Rezo for President – Nestlé vor Gericht

Kleine Ermutigung zum Nachdenken

Rezo for President – Nestlé vor Gericht

YouTuber Rezo treibt eine Presse vor sich her, der allmählich das Gespür für die Relevanz ihrer Themen abhanden zu kommen scheint.

Rezo wird Kanzler.  CDU und SPD haben erkannt, dass sie außer Dampfgeplauder nichts mehr zustande bringen und danken freiwillig ab. Sie geben Rezo freie Bahn für seine bessere Welt. Die Freitagsdemonstrationen der Schüler sind beendet. Gretas Heiligenschein verglimmt – ihre Wahl zur EU-Kommissionspräsidentin ist besiegelt. 

Beim Blick in die Tagespresse scheint dieses Szenario inzwischen gar nicht mehr so abwegig. Die tägliche Gier nach Rezos jüngsten Verunglimpfungen von Politik und Partei bereitet den Boden. Als handele es sich um das Levé des Sonnenkönigs, lässt man sich inzwischen die täglichen Aufreger in die Computertasten diktieren. Heute wird Julia Klöckner abgewatscht wegen angeblicher Schleichwerbung. Rezo will es so. 
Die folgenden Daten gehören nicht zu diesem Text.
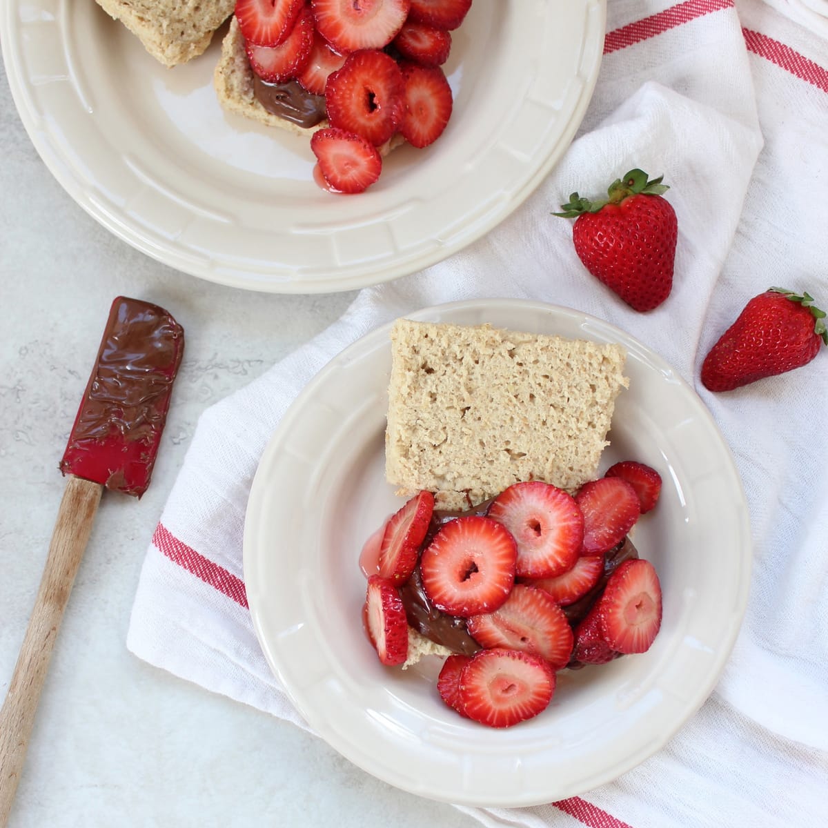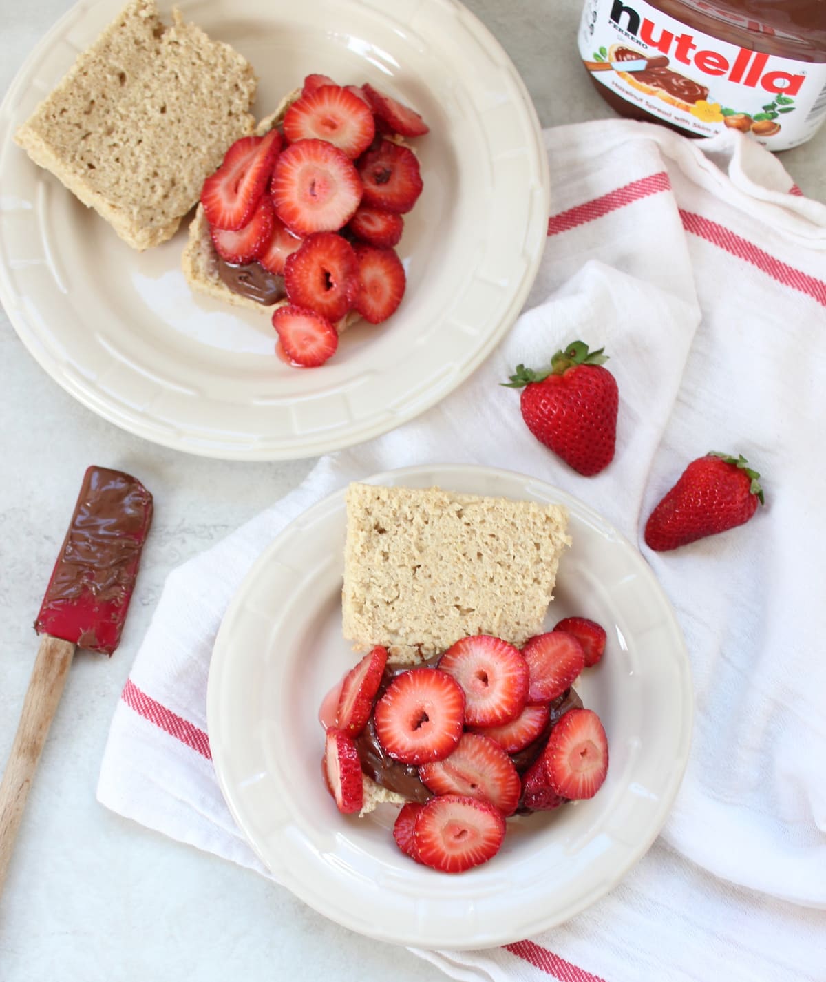 Instead of filling the shortcakes with whipped cream, I subbed in Nutella… because let me remind you folks, everything is better with Nutella! My famous Nutella Chocolate Chip Cookies, Nutella Buddies & Gluten Free Nutella Brownie Skillet are living proof!
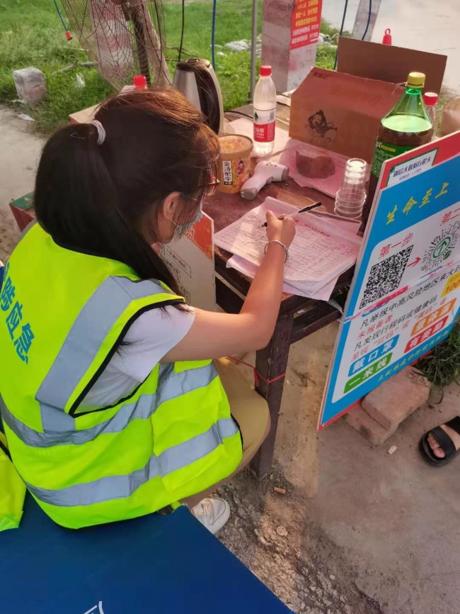 20级会计本4班的薛盈盈同学在驻马店市确山县参加疫情防控志愿服务工作。她说:“疫情来袭的时候,听说村口疫情防控执勤点人手严重不足,我立即就向村委会提出了做志愿者的申请。在执勤卡点,白天天气炎热,夜里蚊虫叮咬,但是想到自己的努力,可以给村庄减少一点风险,就觉得这些困难不算什么了。相信在所有人的共同努力下,我们一定会打赢这场战役。”
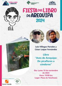 Durante la segunda edición de la Fiesta del Libro de Arequipa, celebrada del 15 al 24 de noviembre de 2024 en la Plaza de Yanahuara en la ciudad de Arequipa, se llevó a cabo la presentación del libro «Aves de Arequipa: De picaflores a cóndores», una obra que resalta la riqueza ornitológica de la región y su importancia para la conservación de la biodiversidad. El evento, organizado por la Municipalidad Provincial de Arequipa, reunió a escritores, investigadores con el propósito de fomentar la cultura, así mismo con la presentación de esta obra incrementar el conocimiento y apreciación sobre los amantes de la naturaleza ambiental y el conocimiento científico a través de la literatura.

Fakt ist, Klöckner hat ein Video mit Nestlé-Chef Marc-Aurel Boers getwittert. Sie bedankt sich, dass Nestlé ihrer Forderung nach weniger Fett in der Fertignahrung nachkommt. 

Rezo spricht: „Hätte ich exakt diesen Tweet mit genau so einem Video gepostet, hätte ich es als #Werbung kennzeichnen müssen." Und weil der 26-Jährige die Fans hat, die die klassischen Medien gerne als Leser hätten, gibt man sich dort verständnisvoll, verschärft: man wanzt sich dem YouTuber an. 

Die behauptete Schleichwerbung braucht der YouTuber erst gar nicht zu begründen. Diese Interpretation nimmt ihm die Presse gerne ab. Eine renommierte Tageszeitung der Holzbrinck-Gruppe sieht in Klöckners Freude, dass man sich über die Philosophie von Nestlé ausgetauscht habe, bereits ein einschmeichelndes „Flöten“ und zitiert vorauseilend die Richtlinien für „Posts, die als Werbung zu kennzeichnen sind, sobald sie eine Werbewirkung für Unternehmen und dessen Dienstleistung erfüllen oder es sich um Beiträge handelt, für die Nutzer von Unternehmen entlohnt werden.“  

Was die Zeitung offenbar vergessen hat: Klöckner ist keine von Followern abhängige YouTuberin. Sie hat ein Ministeramt mit politischem Auftrag. Eine „Geschäftsbeziehung“ mit Unternehmen ergibt sich daraus nur insofern als es ihre Aufgabe und Pflicht ist, den Rahmen abzustecken, innerhalb dem die Wirtschaft agiert. Im konkreten Fall handelt es sich um eine im politischen und gesellschaftlichen Konsens von Klöckner mit der Industrie ausgehandelte Selbstverpflichtung zu weniger Zucker, Salz und gesättigten Fettsäuren in Fertignahrungsmitteln bis 2025 – in einzelnen Schritten und überprüfbar. 

Dass Rezo hier mal kurzerhand die Geschäftsmodelle von YouTubern auf eine Bundesministerin in Ausübung ihres Amts überträgt, mag man ihm trotz seines Erwachsenenalters noch nachsehen. Nicht so der Tagespresse. Wer erst die AGBs der Sozialen Medien studieren muss, um sich am Ende zu einem „Ist zwar keine Schleichwerbung – hätte sich vielleicht aber nicht so mit einem CEO präsentieren sollen“ durchzuringen, sollte lieber selbst YouTuber werden. Der eh schon schwächelnden Presse erweist er jedenfalls einen Bärendienst.